BRET BAIER: What I'm finding interesting is the different tone here. You know, when all the questions were about the health care plans that were -- that people lost because they were told that their plans didn't match up. It was about 6 million or more, and the administration at that time said that is a small sliver. It is only 5% of the population. But now, at 7 million, it is this bring out the balloons and cheer in the Rose Garden, but that 6.2 was a sliver. You understand?

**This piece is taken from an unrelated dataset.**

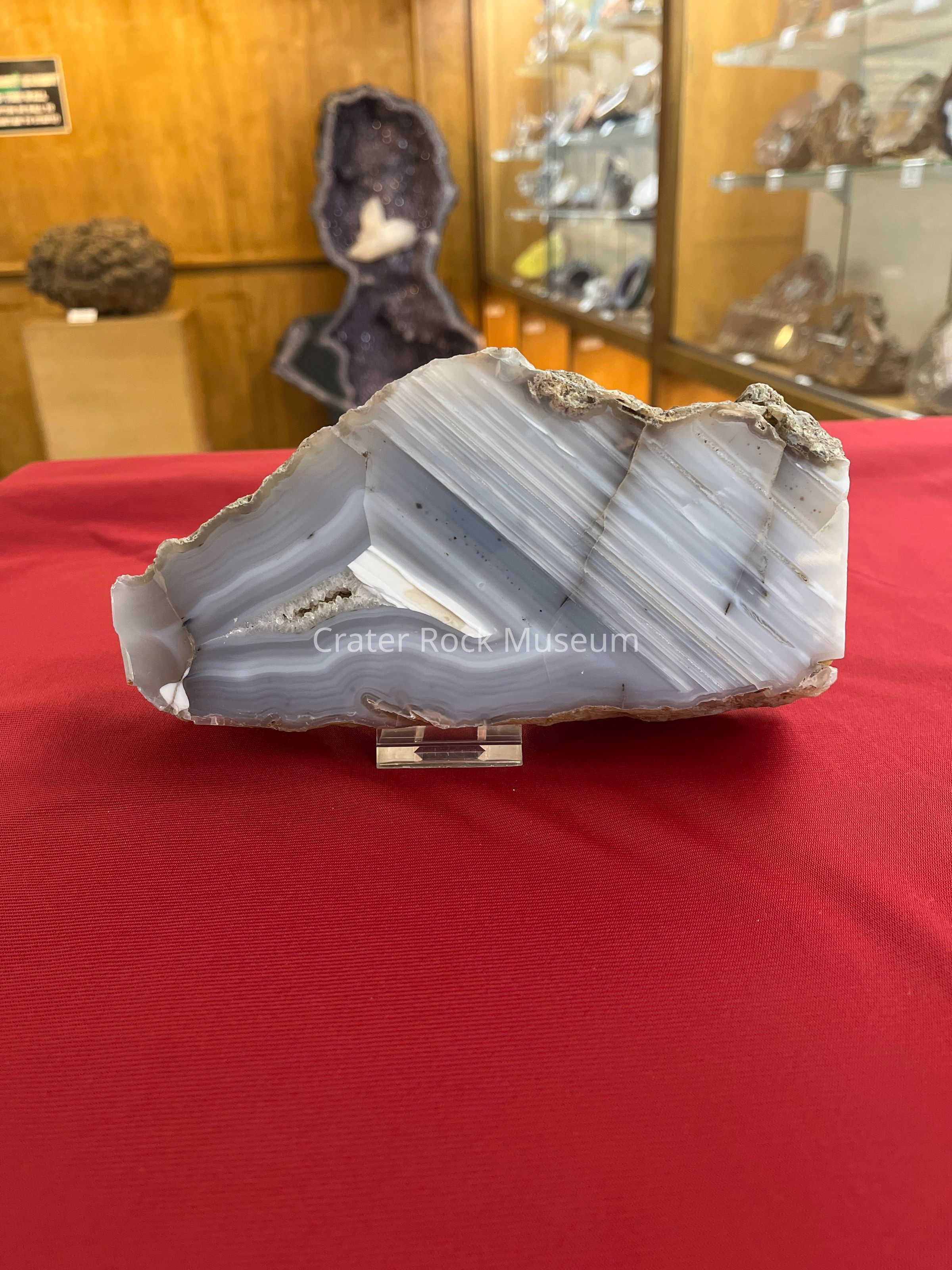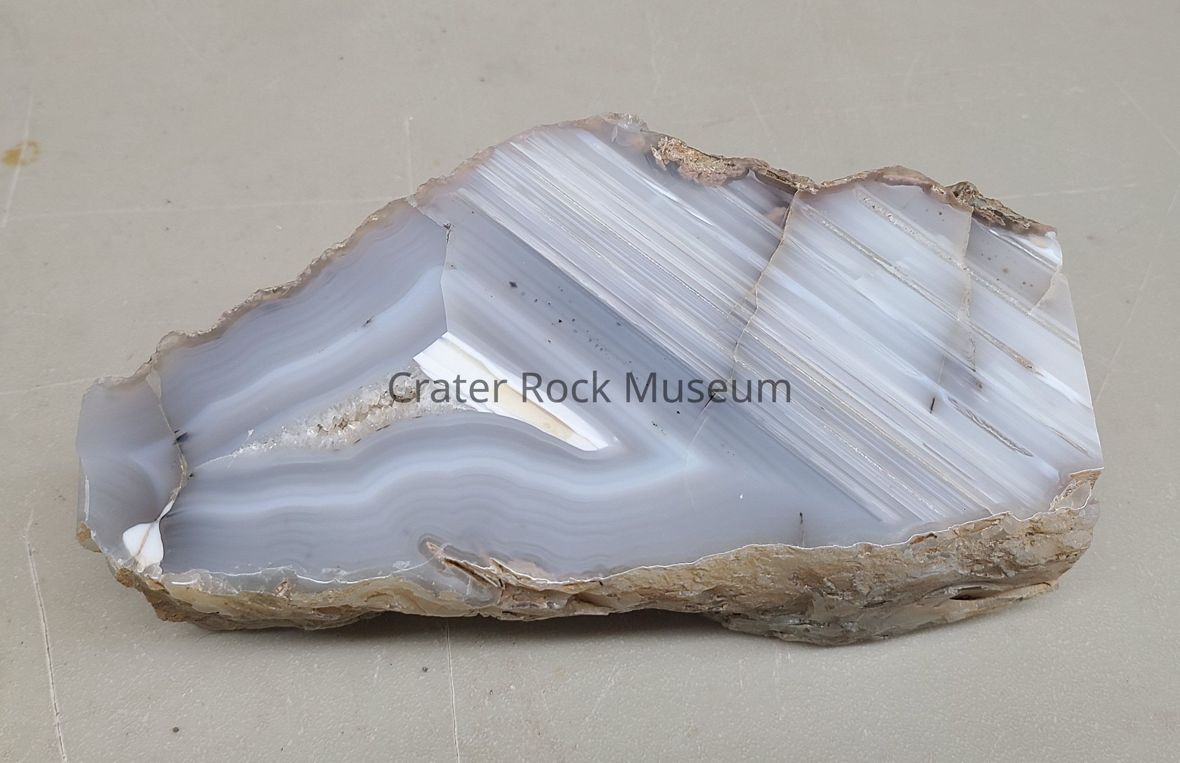 Description: Thick slab with polished face. Half is banded linear, gray, white and yellow and the other half is rounded. Banding of blue-gray and a center section of white and a spot of a hollow crystalline structure.Collection

CHARLES KRAUTHAMMER: I understand. It's a sliver if it hurts you, and it's gigantic if it helps you. Look, and it's also -- look, this is a phony number and it's wonderfully precise. You know, these guys go six months without any idea what the numbers are, and all of a sudden, it's to a decimal point. 7.1, not 7.2. But of course, it's meaningless because, a, we don't know how many of them have paid. And it's an enrollment number that's not enrollment, but the more important one is how many were previously uninsured?
The point of the plan, the point of revolutionizing a sixth of the economy, the point of kicking off a program that's going to cost $2 trillion over a decade, was to insure the uninsured. If it turns out that the overwhelming majority of the so-called 7.1 were people who had health insurance, liked their health insurance, were renewing their health insurance and got kicked off their health insurance, whose lives are disrupted, premiums are raised, deductibles are raised, and lost their doctors are now among the 7.1, it's a net negative, but they won't tell us the number.
And the real issue here for the political impact, will the media still pursue the real numbers? Are they going to say 7 is done and they're not going to revisit how many have actually paid, how many were previously uninsured, and of course, how many are young and healthy?